F-star-C-K Purpose!
Where'd All the Time Go?
I recently went on a vacation to a small village in Himachal Pradesh called Shoja. Did I plan the trip? Not at all. I just knew I had five days. No itinerary. No checklist. No "things to do before leaving." Five days with absolutely no purpose.
And somehow, those five days turned out to be the most amazing days of my life!
Not because I discovered something extraordinary, but because I stopped trying to extract meaning from every moment. There was no pressure to make memories, no anxiety about making the “right” choice. Every day unfolded without needing my approval. And that absence of control made everything feel lighter, almost honest.

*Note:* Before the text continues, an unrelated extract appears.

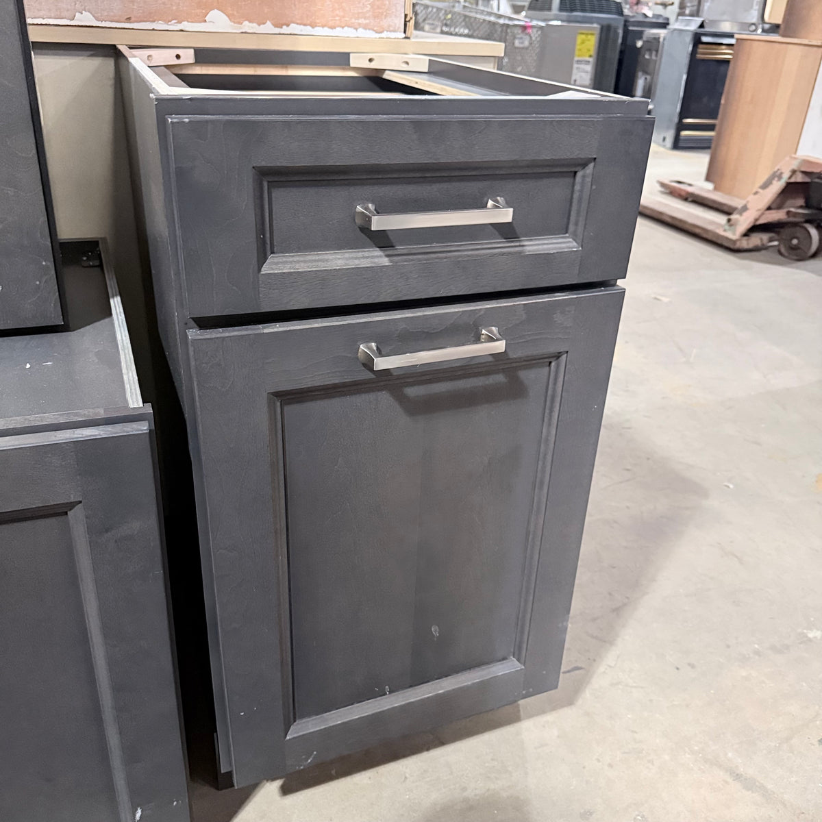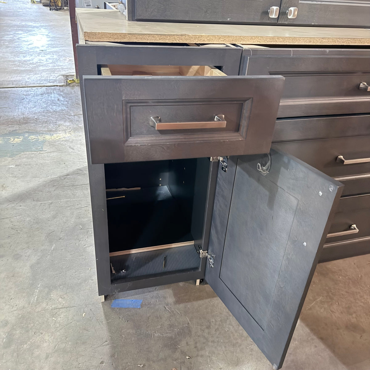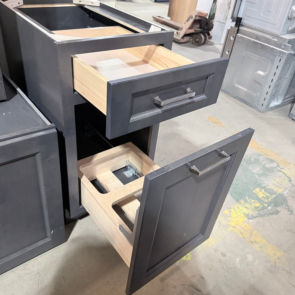 - Trash/recycling bin pull-out compartment in one of the bases

I met strangers who didn't stay strangers for long. I went on treks I hadn't even heard of before arriving. I ate food that wasn't on Google Maps. Conversations flowed without introductions, plans formed and dissolved naturally, and time stopped behaving the way it usually does.Everything was unplanned. And for once, I let life happen.
There was something deeply uncomfortable about that at first. The silence. The lack of direction. The absence of urgency. But slowly, that discomfort turned into curiosity. Then into ease. And eventually into a quiet kind of joy
We're obsessed with purpose.
Purpose in our careers, Purpose in our relationships, Purpose in our hobbies, Purpose in our mornings, our workouts, our weekends.
We've turned existing into a performance where everything needs a reason, a goal, a measurable outcome. Somewhere along the way, “just being” stopped being enough. Don't get me wrong, purpose matters. It gives direction. It helps us move forward. It gives structure when chaos feels overwhelming.
But we've made it too heavy. We've made purpose feel like a deadline. Like a burden. Like something you're failing at if you don't have it figured out.
The freedom without purpose
On this trip, not having a purpose gave me something I hadn't felt in a long time: freedom.
Freedom to wake up without deciding what kind of day it should be. Freedom to say yes without calculating outcomes. Freedom to follow someone else's curiosity instead of my own plans.
I lived life through someone else's eyes, a local's suggestion, a fellow traveler's excitement, a random “let's just go there.” And it felt surreal in the best way possible. Purpose didn't guide me. Presence did!
Sometimes, the most radical thing you can do is stop asking what something is for and simply experience it as it is.
New beginnings
As we step into a new year, sure, have a purpose. Have goals. Intentions. Something to move toward. But, One thing I always say: leave some room for serendipity. Because some of the best moments in life don't come from chasing purpose they come from letting go just enough for life to surprise you.
And maybe that, in itself, is a kind of purpose worth keeping!